Dans le quotidien médiatique de la plupart des personnes âgées de 14 à 35 ans, les offres de la SSR ne jouent qu’un rôle secondaire. Les jeunes qui vivent encore chez leurs parents ou qui vont encore à l’école connaissent par exemple certains formats de SRF par le biais de leurs parents ou de l’école, lorsque des documentaires de RTS Découverte y sont diffusés. Ou ils tombent par hasard sur des formats dans les médias sociaux. Cela veut dire qu’ils n’utilisent généralement pas les offres de la SSR de manière ciblée, notamment parce que les actualités sont aujourd’hui consommées différemment.

«
En cas de crise, les jeunes consomment davantage de contenus de la SSR.»
Fiona Fehlmann, Institut des sciences médiatiques appliquées, ZHAW

 Qu’est-ce qui a changé dans la consommation de médias?
Les réseaux sociaux marquent le quotidien médiatique des jeunes — on consomme souvent ce que l’algorithme dicte. Cette présélection par l’algorithme est appréciée, car elle aide à s’orienter dans la jungle des contenus sur ces plateformes.

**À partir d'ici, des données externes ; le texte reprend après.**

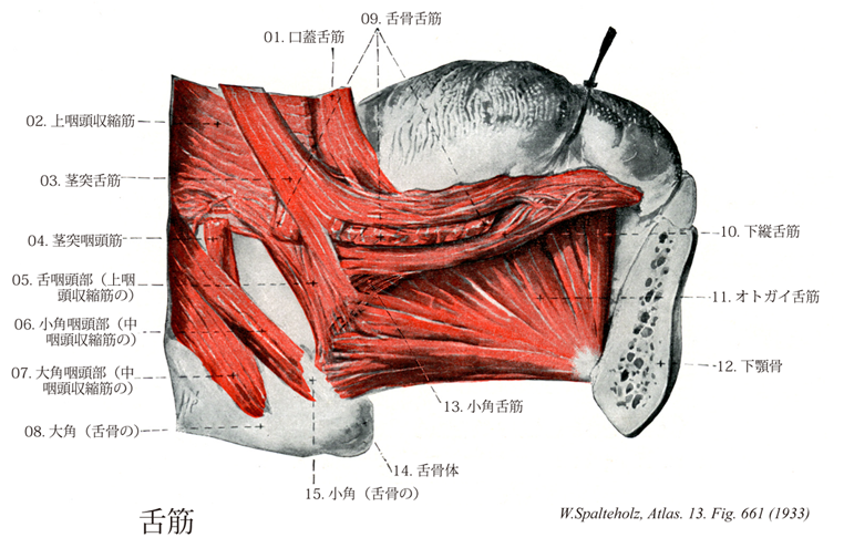 →(舌筋はすべて横紋筋であって外舌筋(オトガイ舌筋、舌骨舌筋、茎突舌筋)、内舌筋(上縦舌筋、下縦舌筋、横舌筋、垂直舌筋)があるが、その舌内にある部分はいずれも、他の筋と異なって多数の脂肪細胞を含む疎性組織により多くの小束に分かたれ、そのために下は軟らかくかつ自由に動きうる。舌筋の作用はオトガイ舌筋のおもな作用は舌を前方に突出させ、また舌の中央部を舌に引く。舌骨舌筋および茎突舌筋のおもな作用は舌を後に引き込ますが、同時に舌骨舌筋は舌の側縁を舌に引き、茎突舌筋は舌背を高める。またこの3筋が一側だけ動けば舌を外側に曲げる。上下の縦舌筋は舌を短縮させ、横舌筋は狭くすると同時に延長させる。垂直舌筋は舌を平らにする。舌筋は舌根ではやや複雑な走向ををとるが、全体としてはほぼたがいに直行する三つの系列にわけられ、それぞれ前後(上縦舌筋、下縦舌筋、茎突舌筋、舌骨舌筋など)、左右(横舌筋、口蓋舌筋、茎突舌筋の一部、上咽頭収縮筋舌咽頭部など)、上下(垂直舌筋、オトガイ舌筋、小角舌筋、舌骨舌筋の一部など)に走る。前後に縦走する系列は比較的舌の表面近くを走り、全体としては他の系列を外からかこむような傾向で配列する。)

Consomme-t-on donc avant tout ce que l’algorithme nous dicte?
Oui, mais pas exclusivement. Ce qui est frappant, c’est que les personnes qui ont déjà été en contact avec des formats de la SSR à la maison ou à l’école s’abonnent plus souvent à ces formats sur les médias sociaux. Les jeunes se tournent également davantage vers les contenus de la SSR en cas de crise ou de sujets importants.

Pourquoi?
La plupart des gens sont conscients du fait que la SSR, contrairement aux plateformes internationales, ne poursuit pas un objectif purement commercial, mais avant tout un objectif public. C’est pourquoi on fait davantage confiance à ces contenus.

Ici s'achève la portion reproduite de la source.